SimHQ Forums: OT: wreck of Graf Zeppelin located?

Two weeks ago, on the 12th of July 2006, a ship belonging to Petrobaltic (a Polish oil company) found a 265 m. long wreck close to the port of Łeba which may be the Graf Zeppelin



> As the end of World War II neared, the roughly completed carrier was scuttled in shallow water at Stettin (now Szczecin) on 25 April 1945, just before the Red Army captured the city. After Germany's surrender, though, its history and fate is unclear. According to the terms of the Allied Tripartite Commission, a "Category C" ship (damaged or scuttled) should have been destroyed or sunk in deep water by 15 August 1946. Instead, the Russians decided to repair the damaged ship. It was refloated in March, 1946. The last known photo of the carrier shows it leaving Swinemuende (now Swinoujscie on 7 April 1947 (see picture). The photo appears to show the carrier deck loaded with various containers, boxes and construction elements, hence the supposition that it was probably used to carry looted factory equipment from Poland and Germany to the Soviet Union.
> 
> For many years no other information about the ship's fate was available. There was some speculation that it was very unlikely that the hull made it to Leningrad, as it was argued that the arrival of such a large and unusual vessel would have been noticed by Western intelligence services. This assumption seemed to imply that the hull was lost at sea during transfer between Swinemuende and Leningrad. One account concluded that it struck a mine north of Rügen on 15 August 1947, but Rügen, west of Swinemuende, is not on the sailing route to Leningrad. Further north, in the Gulf of Finland, a heavily-mined area difficult for Western observers to monitor, seemed more likely.
> 
> After the opening of the Soviet archives, new light was shed on the mystery. It appears that the carrier was towed to Leningrad. There, after unloading, it was designated as "PO-101" (Floating Base Number 101).

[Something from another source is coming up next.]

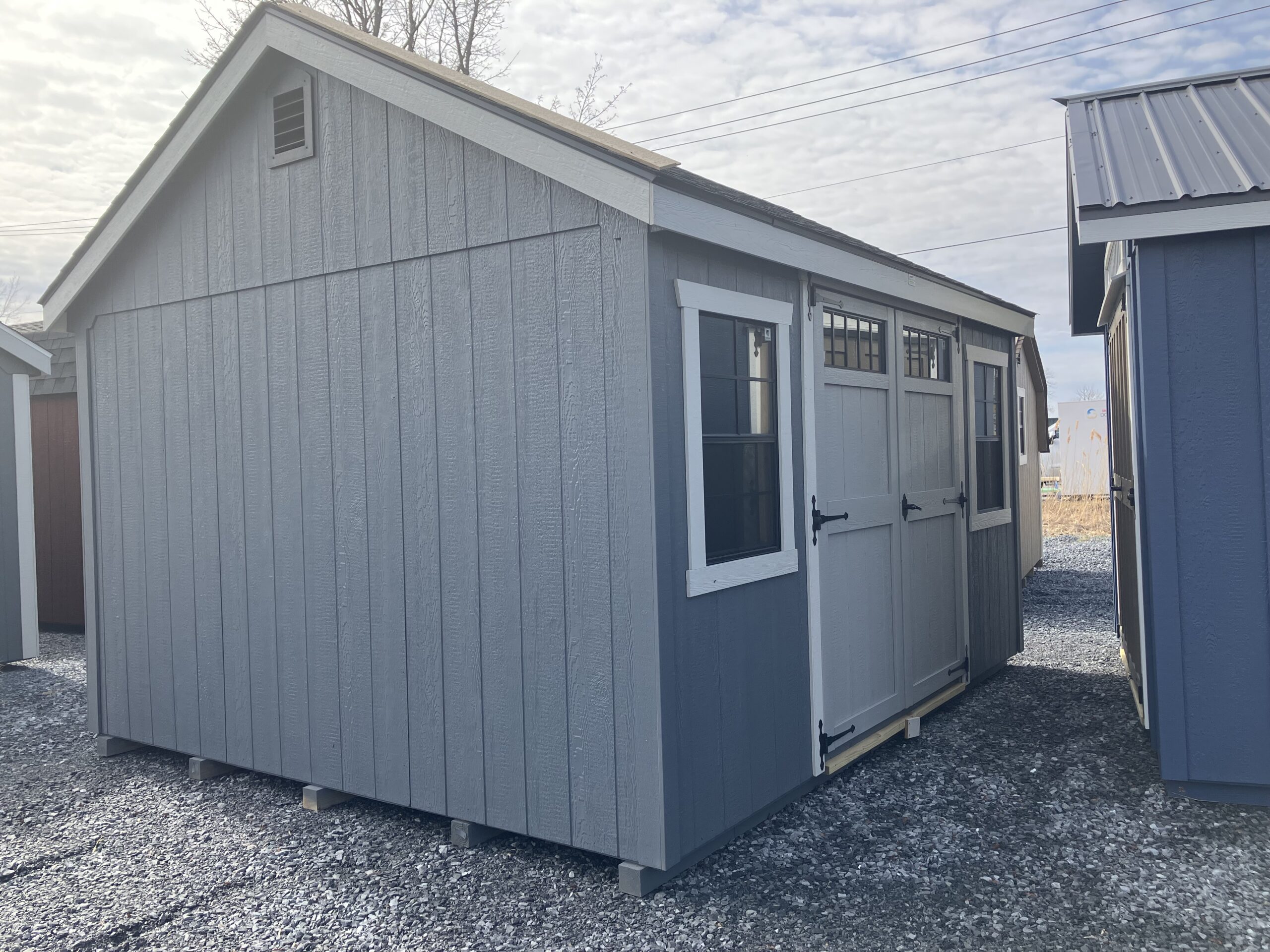 12'x14' Cottage, 7' sidewalls, 6' double door w/ transom glass, diamond plate & p.t. ramp, 3' loft, 2-24"x36" window w/ screen, gable air vents, 3.5" miratec trim, 5/8" T&G PerformMax flooring

The Russians hoped that the carrier could be repaired in Leningrad's shipyards (those in Szczecin were destroyed). When this proved impractical, the ship was towed out to sea, back to the Swinemuende area. There, on 16 August 1947, it was used as a practice target for Soviet ships and aircraft. Allegedly, the Soviets installed aerial bombs on the flight deck, in hangars and even inside the funnels (to simulate a load of combat munitions), and then dropped bombs from aircraft, fired shells, and shot torpedoes into it. This assault would both comply with the Tripartite mandate (albeit late) and provide the Soviets with experience in sinking an aircraft carrier. By this point, the Cold War had well begun, and the Soviets were well aware of the large numbers and central importance of aircraft carriers in the US Navy, which in the event of an actual war between the Soviet Union and America would be targets of high strategic importance. Hence, experience in sinking carriers by aircraft was much more valuable in 1947 than before 1945. After being hit by 24 bombs and projectiles, the ship did not sink and had to be finished off by torpedoes. The exact position of the wreck was unknown for decades. On 12 July 2006 a ship belonging to Petrobaltic (a Polish oil company) found a 265 m. long wreck close to the port of Łeba which probably is the Graf Zeppelin. [1]



From

German aircraft carrier Graf Zeppelin - Wikipedia, the free encyclopedia

MaritimeQuest - Graf Zeppelin


----------



## DerAdlerIstGelandet (Jul 27, 2006)

Awesome that would be great if they found it!


----------



## Smokey (Jul 27, 2006)

A guy claims that



> Btw, the Navy confirmed - it is the wreck of Graf Zeppelin



SimHQ Forums: OT: wreck of Graf Zeppelin located?


----------



## v2 (Jul 27, 2006)

Graf Zeppelin in the sonar pics...


----------



## Hunter368 (Jul 27, 2006)

Very cool


----------



## Gnomey (Jul 27, 2006)

Yep, the sonar looks about right as well so it could well be her I guess we will find out soon enough.


----------



## v2 (Jul 28, 2006)

Graf Zeppelin- model


----------



## mosquitoman (Jul 28, 2006)

Nice! what scale is it?


----------



## loomaluftwaffe (Jul 28, 2006)

nice, it is good to see 109s and Stukas flying off the carriers for a change


----------



## Henk (Jul 30, 2006)

Cool I would love some pictures of the wreck.


----------



## DerAdlerIstGelandet (Jul 30, 2006)

Yeah I hope they post some of the wreck soon.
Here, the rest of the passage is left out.